Para Heraclito, «tudo flui», tudo está em movimento, e nada dura eternamente. Por isso, «não podemos tomar banho duas vezes nas águas do mesmo rio». Porque quando entramos no rio pela segunda vez, tanto nós como o rio estamos mudados.
Heráclito explicou, também, que o mundo é caraterizado por contrários constantes. Se nunca estivéssemos doentes, não compreenderíamos o que é a saúde. Se nunca tivéssemos fome, não gostaríamos de comer. Se nunca houvesse guerra, não saberíamos apreciar a paz, e se nunca fosse Inverno, não saberíamos quando chega a Primavera.
Tanto o bem como o mal ocupam um lugar necessário no todo, dizia Heráclito. Sem o jogo permanente entre contrários, o mundo terminaria.
«Deus é o dia e é a noite, o Inverno e o Verão, a guerra e a paz, a saciedade e a fome», dizia. Ele utiliza aqui a palavra «Deus», mas não se refere aos deuses de que falam os mitos. Segundo Heráclito, Deus, ou o divino, é algo que abrange tudo. Sim, Deus está patente justamente na natureza, que é contraditória e está em transformação constante.
Em vez do termo «Deus», Heráclito usa frequentemente a palavra grega logos, que significa razão. Mesmo que nós, homens, não pensemos sempre de modo igual ou não tenhamos o mesmo bom-senso, tem de haver uma espécie de «razão universal»que governe tudo o que acontece na natureza. Esta razão universal, ou «lei universal» é comum a todos, e todos os homens se devem orientar por ela. No entanto, a maior parte deles vive segundo a sua própria razão particular, segundo Heráclito.

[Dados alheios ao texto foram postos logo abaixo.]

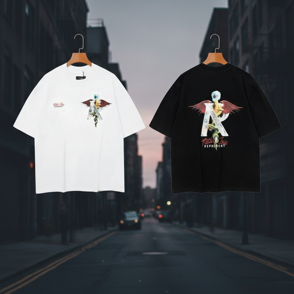 Represent Angel Graphic T-Shirt, stylish streetwear top with unique winged design, available in black or white, perfect for casual fashion and everyday wear.
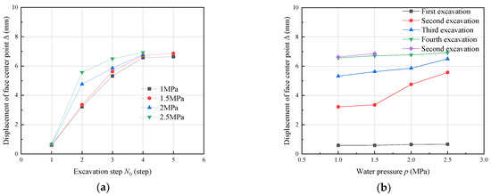Curve of displacement change of tunnel face center: (a) displacement varies with excavation steps; (b) displacement varies with water pressure.
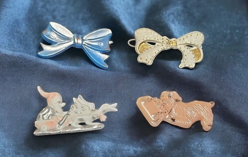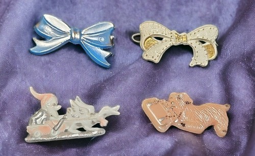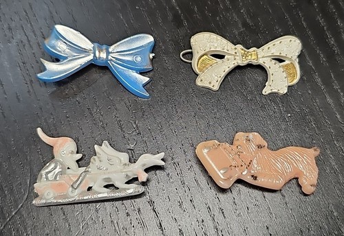 UP FOR SALE: Vintage 1950s Tip Top USA Hair Clip Barrette Lot of 4 Puppy Gnome Bows Lot of 4
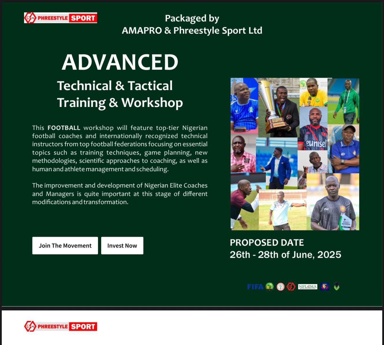 The highly anticipated event, organized in collaboration with the Africa Development Program and AMAPRO, will take place at the Remo Stars Sports Institute in Ikenne, Ogun State, from Thursday, June 26 to Saturday, June 28, 2025.
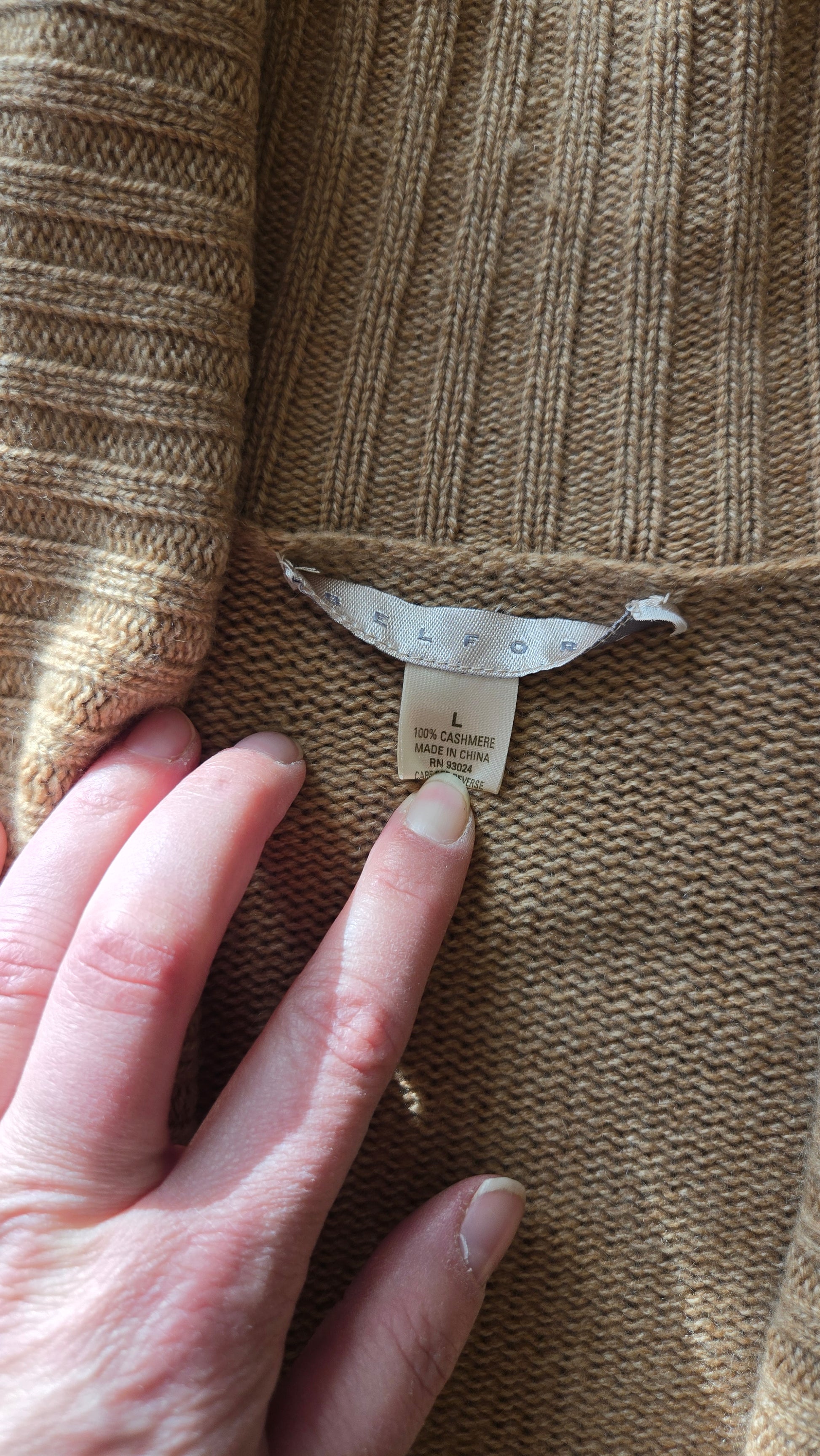 A great camel 100% cashmere sweater to throw on over a tee and feel put together. Has a shawl collar and no closures, to be worn open. Has two holes on the back right shoulder I've visibly mended with white and yellow thread.
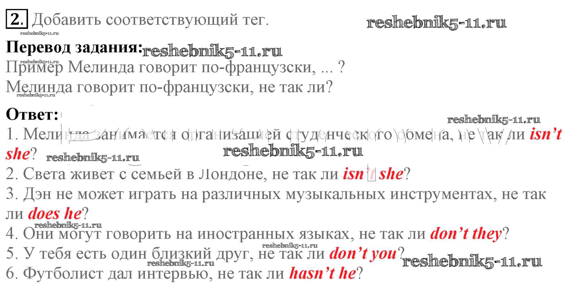 Готовая домашняя работа с ответами по Английскому языку за 5 класс Биболетова, Денисенко, Трубанева Учебник Enjoy English Титул 2015 ФГОС - Домашняя работа 2
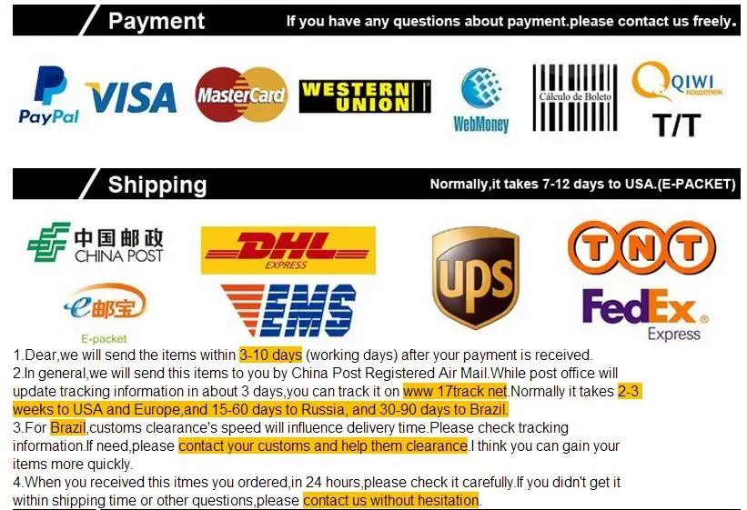Packages from our warehouse in China will be shipped by ePacket or EMS depending on the weight and size of the product. Packages shipped from our US warehouse are shipped through USPS.
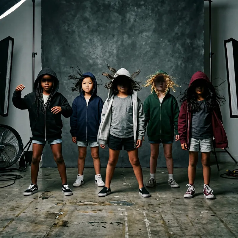 Five little girls of various descents, their faces hidden in shadows created by their hoods, are striking poses in a professional photographic studio. Each one is wearing an oversized, unzipped hoodie that is being animated by an artificial breeze, along with a t-shirt underneath and shorts. Their hoods are pulled up over their heads, casting their faces into mystery, and their diverse hairstyles are seemingly caught in a freeze-frame of movement due to the manufactured wind. The atmosphere itself speaks of a modern, dramatic, and slightly windswept photoshoot.
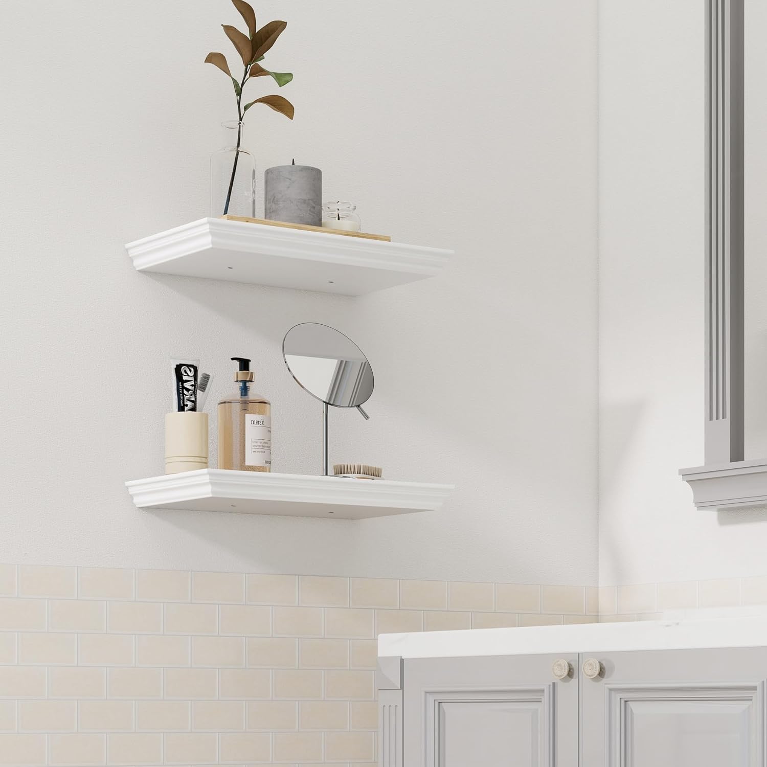 - Multi-Purpose Floating Shelves for Wall: Upgrade any space with these retro, sleek white shelves! Perfect as shelves for the room wall, book shelf for the wall, living Room, office, bedroom, bathroom, or kitchen shelves
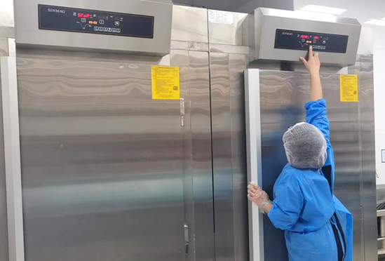 (图:家乐福会员店烘焙主管马雪清将面包生胚放入醒发炉,并设置醒发时间和温度)

Em todas as transformações e contradições da natureza, Heráclito via uma unidade ou totalidade. Aquilo que está na origem de tudo, era designado por ele de «Deus», ou logos.

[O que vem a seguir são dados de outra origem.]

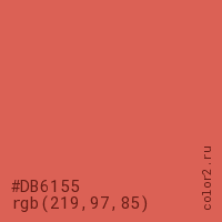 Цвет #DB6155 в цветовой модели RGB обозначается тремя октетами (219, 97, 85) в десятичном формате и #DB6155 в шестнадцатиричном (hex) формате, которые являются интенсивностью красного 219 (hex DB), интенсивность зелёного 97 (hex 61) и интенсивность синего 85 (hex 55).
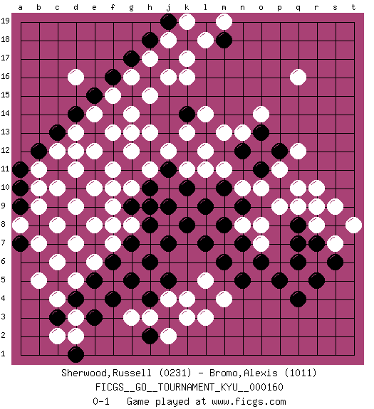 Last move : 0-1 2015 June 17 1:25:6 [Event "FICGS__GO__TOURNAMENT_KYU__000160"] [Site "FICGS"] [Date "2014.11.18"] [Round "1"] [Black "Sherwood,Russell"] [White "Bromo,Alexis"] [Result "0-1"] [Rating 1 "0231"] [Rating 2 "1011"] 1.d4 q16 2.q4 d16 3.d10 k16 4.k10 q10 5.r9 r10 6.p10 q9 7.q8 s9 8.s8 r8 9.r7 r9 10.q7 s7 11.s6 t8 12.r5 p9 13.q6 o10 14.p5 o8 15.l9 m11 16.m10 n10 17.n9 n8 18.m8 l11 19.k12 l12 20.l13 m13 21.k8 k11 22.j11 k13 23.j9 j12 24.h12 h13 25.g13 h11 26.h10 g12 27.f12 g14 28.n7 o7 29.o6 g10 30.f8 f9 31.g9 f10 32.e11 f11 33.f14 f13 34.e13 g13 35.d12 e12 36.e9 e10 37.c11 d11 38.g15 h15 39.h16 j16 40.j17 k17 41.k18 l18 42.l19 j18 43.j19 h17 44.h18 g16 45.g17 k19 46.f16 f15 47.e15 e14 48.d14 d13 49.c13 c12 50.b12 d12 51.h8 c10 52.d8 d9 53.c9 e8 54.e7 b11 55.a11 b10 56.a9 b9 57.b8 c8 58.d6 d7 59.f6 c6 60.c5 b5 61.e5 c4 62.c3 d5 63.g7 e6 64.g5 f7 65.l7 g8 66.h9 f8 67.a10 b7 68.a7 a8 69.j5 k4 70.m6 l5 71.j7 j4 72.h4 h3 73.j3 k3 74.f4 d3 75.h6 g3 76.e3 d2 77.d1 c2 78.h2 j2 79.l4 l3 80.o11 p11 81.p12 q12 82.n5 m4 83.k14 l14 84.n12 n13 85.o13 o14 86.m18 m19 0-1 This go game has been lost on time (started : 2014.11.18 17:23:40) Here are the names of the openings (joseki) played in the four corners : Corner d16 : d16 j11 Hoshi (Hwajeom, Seongjeom, Xingwei`) 4-4 Point. The star or hoshi (4-4) point, emphasizing influence at the potential expense of territory. Player White won this Go (weiqi, baduk) game. Follow this game move after move (download)Learn the eye-stealing tesuji. (Anonymous) There are two types of people in this world, good and bad. The good sleep better, but the bad seem to enjoy the waking hours much more. (Woody Allen)

Com outro jônico, Heráclito de Éfeso, a cosmologia dos pré-socráticos atinge uma notável profundidade, principalmente pela introdução da “Razão” como arché de todas as coisas. Ou seja, o mundo passa a ser entendido como um cosmos, ou uma ordem racional, porque seu princípio é a própria razão, o chamado Lógos.

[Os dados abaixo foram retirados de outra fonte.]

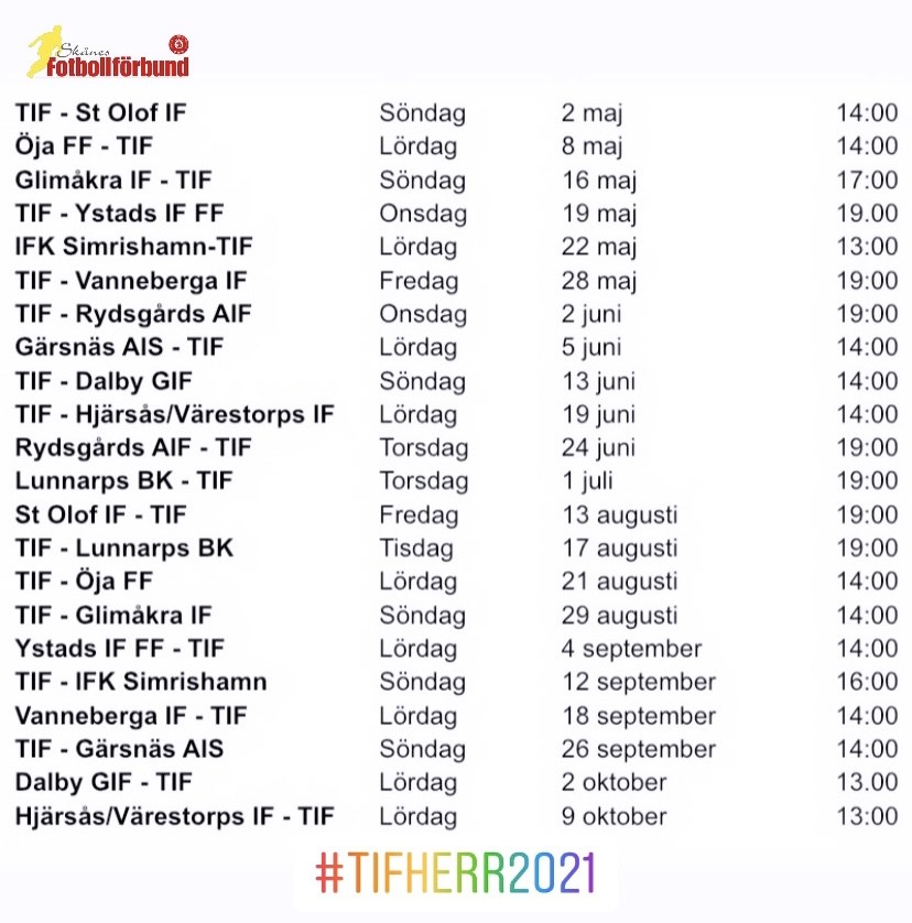 Det blev storseger i första matchen på mycket länge och riktigt skoj att se att återväxten ser spännande ut! Nya tag imorgon, träning väntar då. Öja FF - TIF 1-7 (0-2) 0-1 Gustav Jönsson 23’ 0-2 Erik Ekholm 37’ 0-3 Max Jansson 50’ 0-4 Leo Björklund 54’ 0-5 Leo Björklund 59’ 1-5 64’ (straff) 1-6 Qader Akbari 86’ 1-7 Tage Stålhammar 85’ #tifherr2021 #österlensänglar
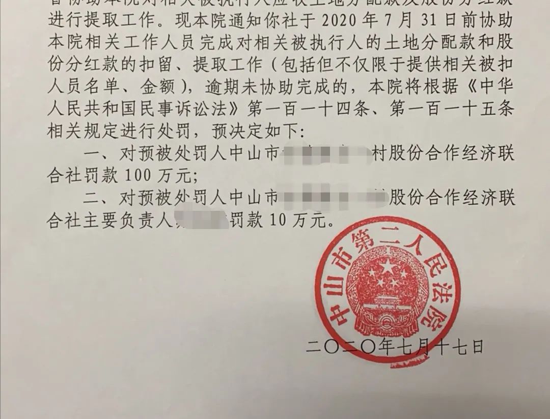 我院多次依法要求某经联社协助扣留、提取被执行人的土地分配款以及股份分红款。但是该社一直不予配合,为执行工作增设阻碍。经执行局领导研究后决定,于2020年7月17日经依法发出《预处罚通知书》,责令其限期履行协执义务,否则将对该经联社处罚款100万元,对主要负责人罚款10万元。接到《预处罚通知书》后,该相关人员主动承认错误并积极协助本院进行扣留、提取工作,主动将近60万元的土地分配款、分红款缴纳至法院账户,并保证日后一定积极配合法院执行工作。

É considerado por muitos o mais eminente pensador pré-socrático, por formular o problema da unidade permanente do ser diante da pluralidade e mutabilidade das coisas particulares e transitórias. Estabeleceu a existência de uma lei universal e fixa (o Lógos), regedora de todos os acontecimentos particulares e fundamento da harmonia universal.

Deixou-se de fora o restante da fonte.